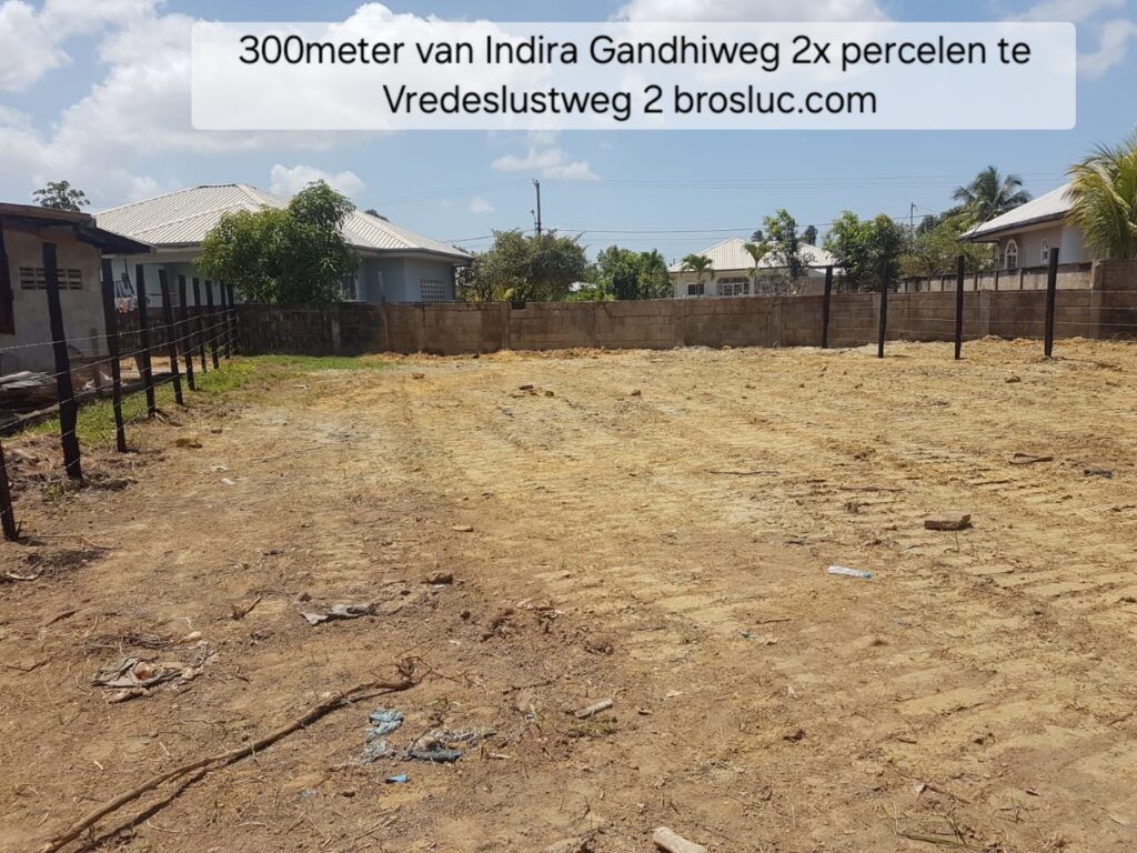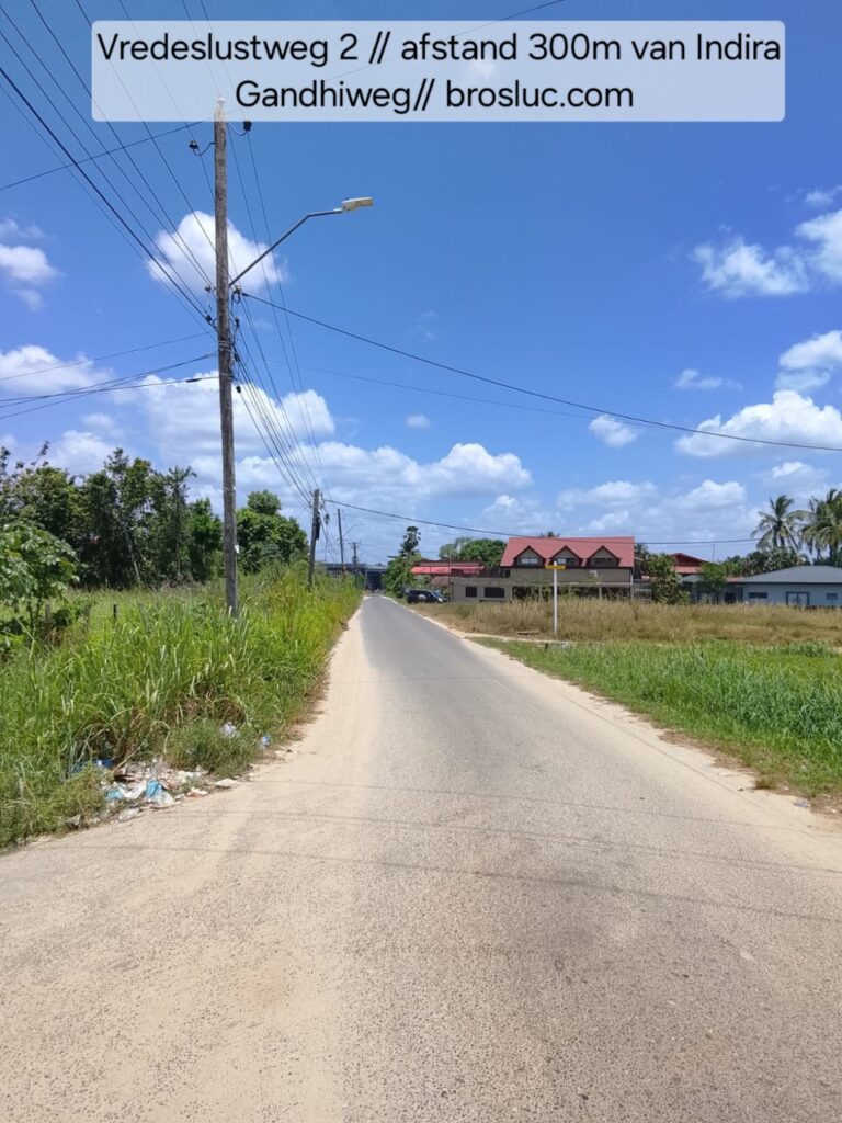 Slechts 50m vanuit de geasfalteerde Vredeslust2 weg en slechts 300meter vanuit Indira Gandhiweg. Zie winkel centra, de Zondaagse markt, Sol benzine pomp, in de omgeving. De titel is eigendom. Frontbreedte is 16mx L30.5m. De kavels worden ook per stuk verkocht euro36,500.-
==
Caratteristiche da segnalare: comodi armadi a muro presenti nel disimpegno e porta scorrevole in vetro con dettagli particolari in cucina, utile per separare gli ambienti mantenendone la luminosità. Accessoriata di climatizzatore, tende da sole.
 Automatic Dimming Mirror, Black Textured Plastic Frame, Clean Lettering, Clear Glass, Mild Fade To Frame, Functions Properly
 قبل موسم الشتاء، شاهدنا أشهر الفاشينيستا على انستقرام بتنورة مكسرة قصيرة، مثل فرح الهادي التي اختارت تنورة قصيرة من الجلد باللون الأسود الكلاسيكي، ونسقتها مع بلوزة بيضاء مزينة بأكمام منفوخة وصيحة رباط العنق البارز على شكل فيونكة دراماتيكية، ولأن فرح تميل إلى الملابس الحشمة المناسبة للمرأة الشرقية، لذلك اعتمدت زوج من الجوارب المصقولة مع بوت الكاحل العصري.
---
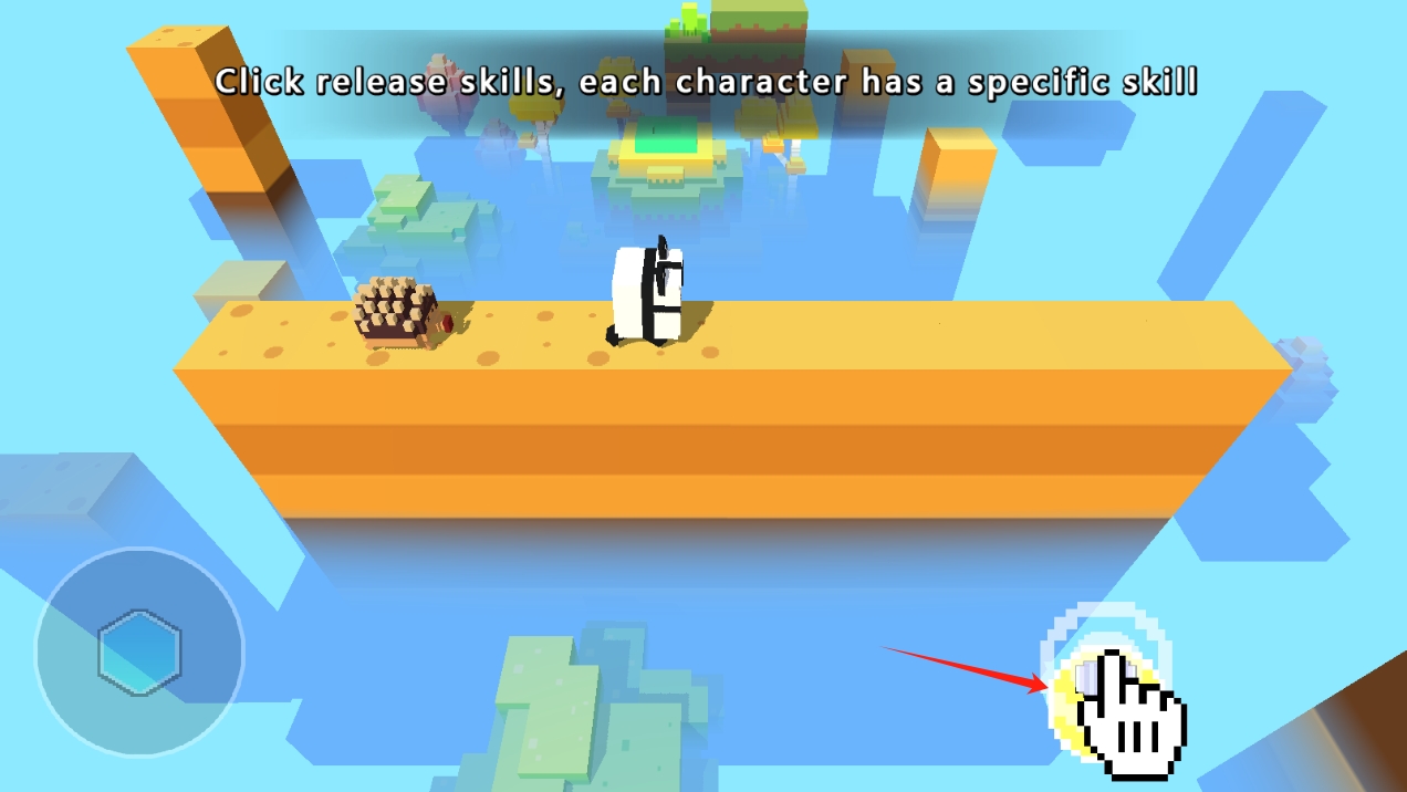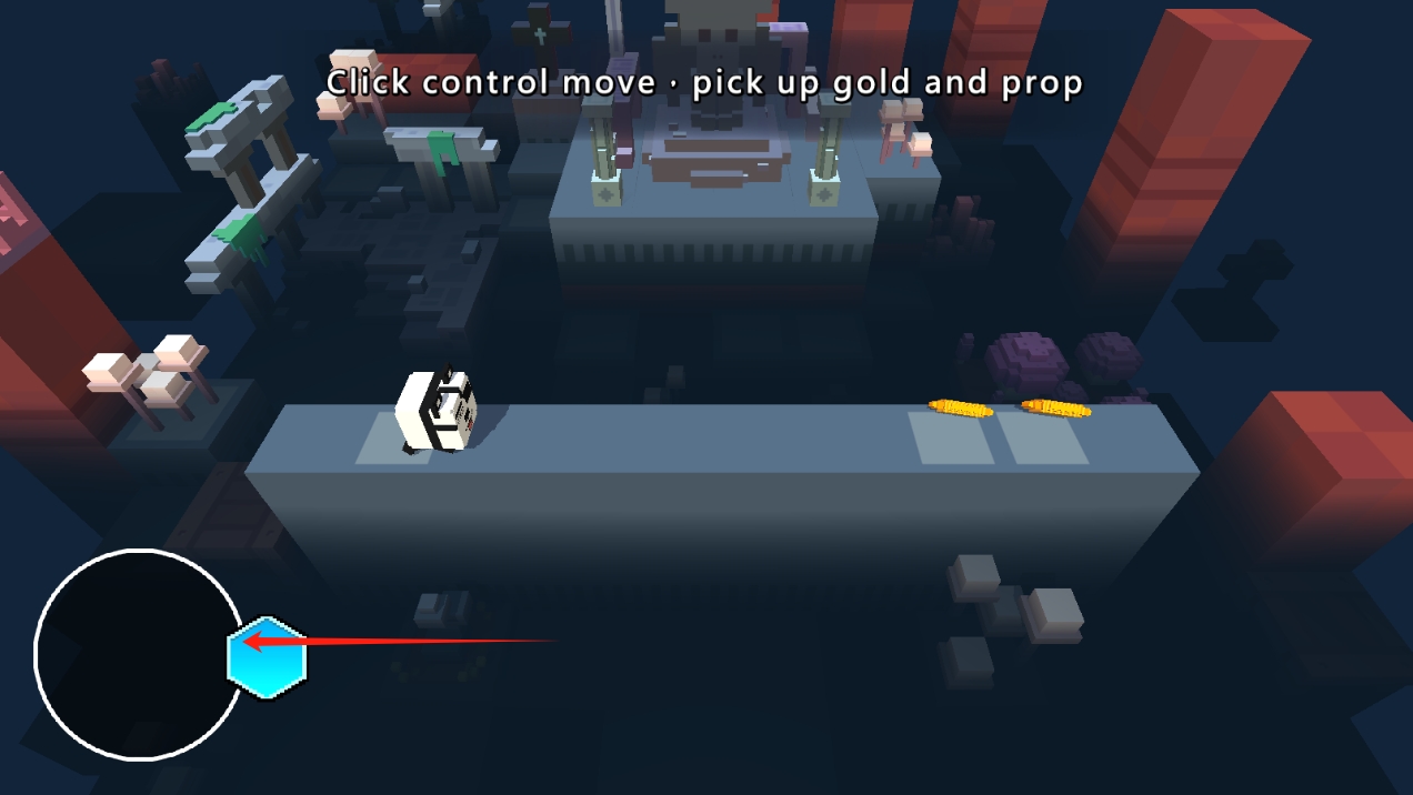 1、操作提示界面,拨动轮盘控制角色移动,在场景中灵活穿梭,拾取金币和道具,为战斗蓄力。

Your assignment => Beginning with the line containing "Caratteristiche da segnalare: comodi" in the material above, copy every line exactly until you have copied the line containing "Automatic Dimming Mirror, Black".

Your solution =>
Caratteristiche da segnalare: comodi armadi a muro presenti nel disimpegno e porta scorrevole in vetro con dettagli particolari in cucina, utile per separare gli ambienti mantenendone la luminosità. Accessoriata di climatizzatore, tende da sole.
 Automatic Dimming Mirror, Black Textured Plastic Frame, Clean Lettering, Clear Glass, Mild Fade To Frame, Functions Properly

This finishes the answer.